Generative AI is the most transformative technology since the Internet, revolutionizing the way we create and interact with information. For developers, this raises new questions: from the practical “How do I build AI-powered apps with Large Language Models (LLMs)?” to the deeper, “How will generative AI change the nature of applications?” We explore these two questions in this blog post.
How do I build AI-powered apps with LLMs?
Let’s start with the first question, “How do I build apps with LLMs?” and explore three options that are commonly considered:
- Train your own model
- Customize an open-source model
- Use existing models through APIs
Train your own model
Training your own model gives you full control over the data your model learns from. For example, you may train a model on data specific to your industry. A model trained on domain-specific data will generally be more accurate than a general-purpose model for use cases centered around that domain. While training your own model offers more control and accuracy, it may not always be the best approach. Here are a few things to consider:
- Time and Resources: Training your own LLM from scratch can take weeks or even months. As a point of reference, even though your model is likely to be much smaller, the GPT-3 model from OpenAI took 1.5 million GPU hours to train.

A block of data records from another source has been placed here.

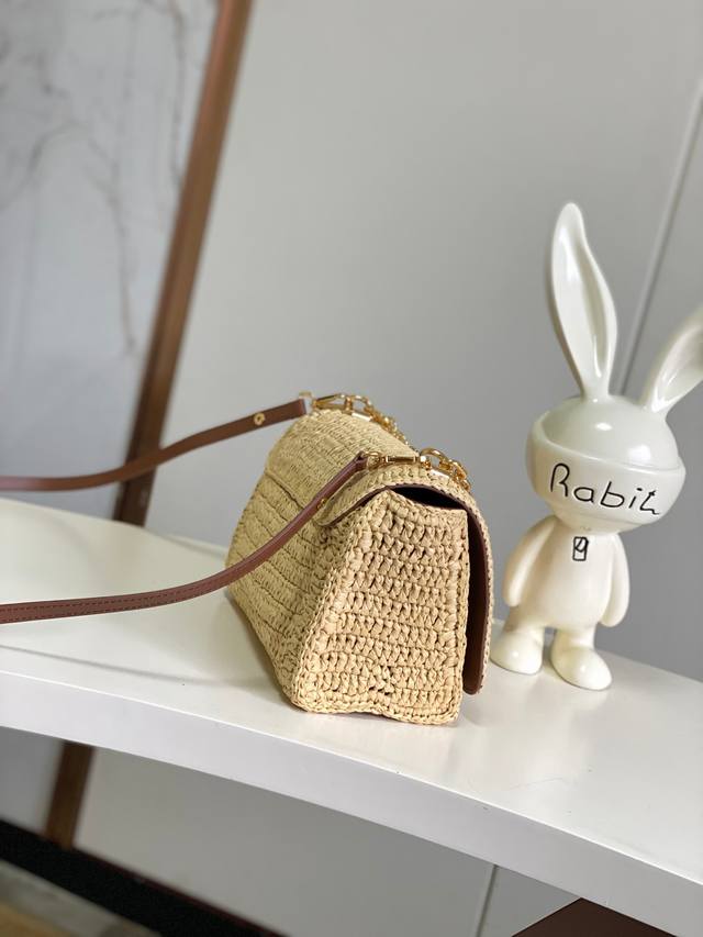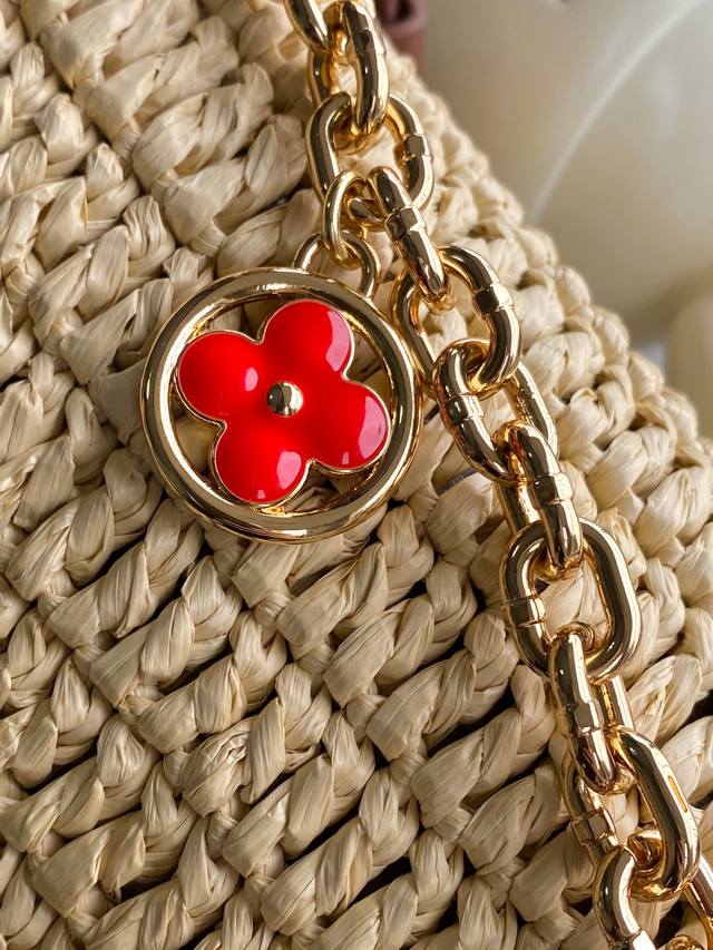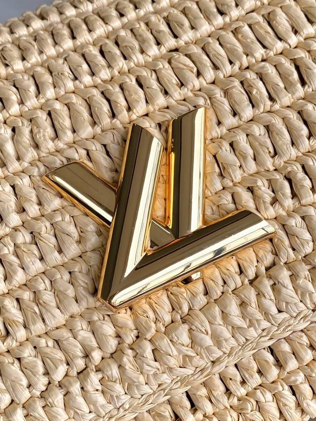 本款 Twist Slim 手袋凝聚法国蔚蓝海岸的悠闲格调,以创意笔触印证品牌精湛匠艺。拉菲草包身融入撞色皮革饰边和标志性 Lv Twist 扭锁,多重口袋便于有序收纳,可拆卸镜子再添功能考量。
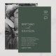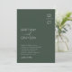 Minimalistiska eleganta bröllopsinbjudningar med en stilren grön bakgrund, era initialer i det övre högra hörnet, en elegant modern textmall med era namn och information om bröllopet.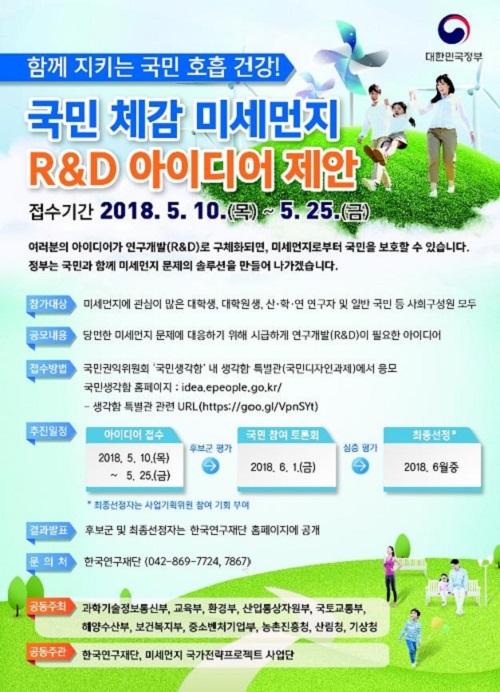 정부는 지난 8ㄹ일 정부과천청사에서 범부처 미세먼지 연구개발(이하 R&D) 협의체를 구성하고, 국가전략프로젝트(미세먼지 국가전략프로젝트 사업단) 등 정부 주도의 미세먼지 연구개발과 병행해 미세먼지 해결을 위한 국민들의 다양한 아이디어를 모아 미세먼지 해결에 활용하는 ‘미세먼지 국민 아이디어 R&D 사업’을 추진키로 했다.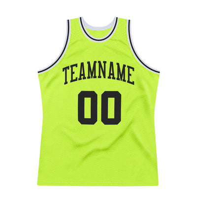 Custom Neon Green Black-White Authentic Throwback Basketball Jersey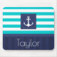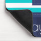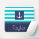 Mousepad náutico com padrão listrado azul-turquesa e marinho e texto personalizável.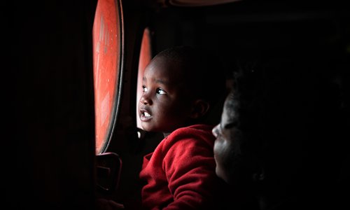 A child is held up to look out from a porthole on The Aquarius upon its arrival at the Sicilian port of Messina, on May 14, 2018. On May 12, 73 migrants of various nationalities, including women and children, were rescued by The Aquarius, a rescue vessel chartered by SOS-Mediterranee and Médecins Sans Frontières (Doctors Without Borders). Photo: VCG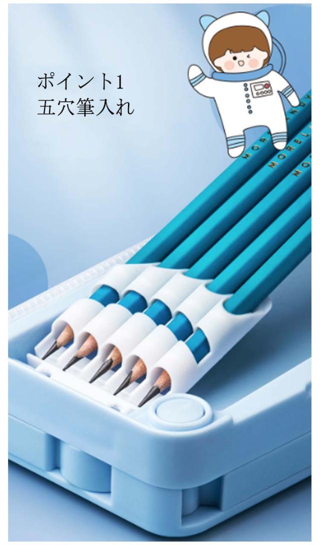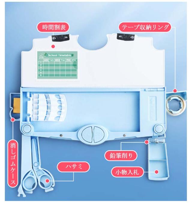 | 多機能一体式 9TYPE ポイント1 五穴筆入れ ポイント2 消しゴムケース ポイント3 ハサミ専用ケース(ハサミ付き) ポイント4 鉛筆削り+小物入れ ポイント5 テープ収納リング(テープ付き) | |
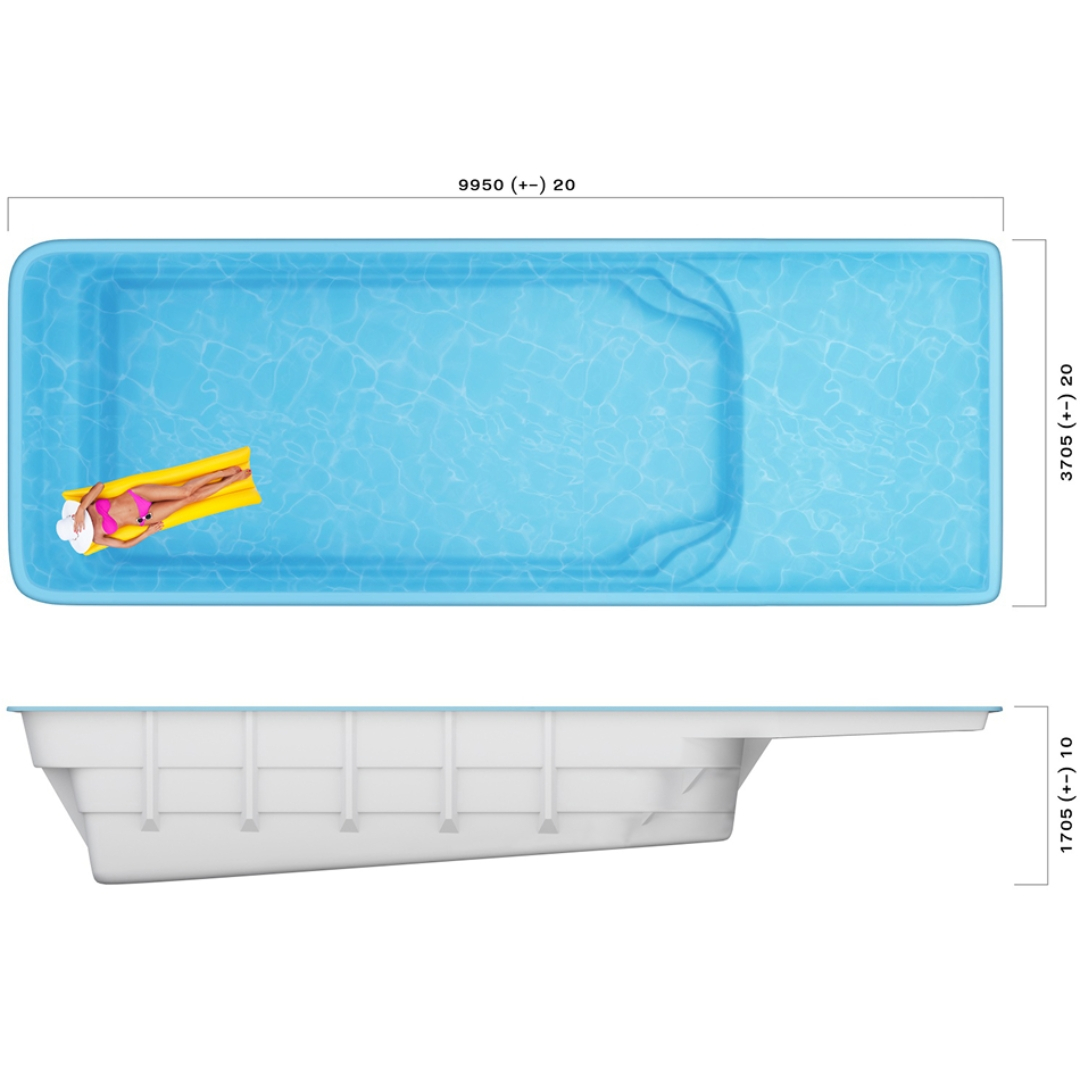 Встроенные опции: лестница, поручень безопасности, переходящая глубина, подводный диван, мелководье для загара.

- Expertise: To train your model, you will also need a team of specialized Machine Learning (ML) and Natural Language Processing (NLP) engineers.
- Data Security: The power of LLMs makes it tempting to create models that learn from all your data, but this is not always the right thing to do from a data security standpoint. There can be tension between the way LLMs learn and the way data security policies are implemented at your company. LLMs learn from large amounts of data. The more data the better! However, with field-level security (FLS) and strict permissions, corporate data security policies are often based on the principle of least privilege: users should only have access to the data they need to do their specific job. The less data the better! A model trained on all available customer data and made available to everyone at your company may therefore not be a good idea and breach your company’s data security policies. However, a model trained on product specifications and past support ticket resolutions can help agents resolve new tickets without compromising data security.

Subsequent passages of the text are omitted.